Data has increasingly become a critical component of just about every aspect of business and the amount of data is skyrocketing. In fact, 90% of the world’s data has been created in the last two years and it’s expected that by 2020, 463 exabytes of data will be created every day from wearables, social media networks, communications (business and consumer), transactions and connected devices. While the explosion in the volume — and more importantly, diversity of data — is instrumental in supporting the future of Artificial Intelligence (AI) and accelerates the automation of data analysis, it’s also creating the obstacles that enterprises currently face in their adoption of AI. Most believe there is great potential to gain efficiencies and improve data-driven decision-making, but as their use cases continue to increase, there is still much room for improvement to remove the obstacles to adoption. A recent report by Trifacta reveals how these challenges are inhibiting the overall success of these projects and the ability to improve efficiencies when working with data to accelerate decision making. Here is a look:
Table of Contents
Data Inaccuracy is Inhibiting AI Projects
The time-consuming nature of data preparation is a detriment to organizations: Data Scientists are spending too much time preparing data and not enough time analyzing it. Almost half (46%) of respondents reportedly spend over 10-hours properly preparing data for analytics and AI/ML initiative while others spend upwards of 40-hours on data preparation processes alone on a weekly basis. Although data preparation is a time-consuming, inefficient process, it’s absolutely vital to the success of every analytics project. Some of the leading implications of data inaccuracy result from miscalculating demand (59%) and targeting the wrong prospects (26%). Decisions made from data would improve if organizations were able to incorporate a broader set of data into their analysis, such as unstructured third-party data from customers, semi-structured data or data from relational databases.
C-Suite Has Taken Notice
Simply put, if the quality of data is bad, analytics and AI/ML initiatives are going to be worthless. While 60% of C-suite respondents state that their company frequently leverages data analysis to drive future business decisions, 75% aren’t confident in the quality of their data. About one-third state poor data quality caused analytics and AI/ML projects to take longer (38%), cost more (36%) or fail to achieve the anticipated results (33%). With 71% of organizations relying on data analysis to drive future business decisions, these inefficiencies are draining resources and inhibiting the ability to glean insights that are crucial to overall business growth.

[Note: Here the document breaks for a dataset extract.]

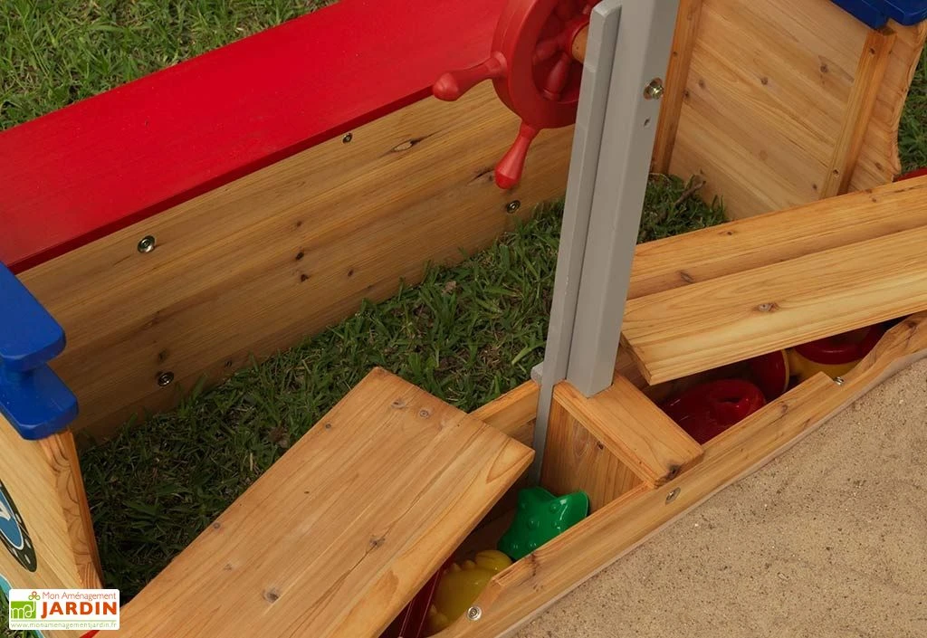 Original, ce bac à sable dispose également de décorations sur le thème de la piraterie. Une bâche en plastique, incluse, est placée sous le sable. Le bac à sable est livré en kit. Il se monte en 1h30 à 2h à deux personnes. Seuls un tournevis et des pinces sont nécessaires.

Rise of AI and ML Push Cloud Adoption
The benefits of the cloud are hard to overestimate in particular as it relates to the ability to quickly scale analytics and AI/ML initiatives, which presents a challenge for today’s siloed data cleansing processes. There are many reasons for widespread cloud migration with 66% of respondents stating that all or most of their analytics and AI/ML initiatives are running in the cloud, 69% of respondents reporting their organization’s use of cloud infrastructure for data management, and 68% of IT pros using the cloud to store more or all of their data — a trend that’s only going to grow. In two years from now, 88% of IT professionals estimate that all or most of their data will be stored in the cloud.
“The growth of cloud computing is fundamental to the future of AI, analytics, and Machine Learning initiatives. Unfortunately, the pace and scale at which this growth is happening underscore the need for coordinated data preparation, as data quality remains one of the largest obstacles in every organization’s quest to modernize their analytics processes in the cloud.”Adam Wilson, CEO, Trifacta.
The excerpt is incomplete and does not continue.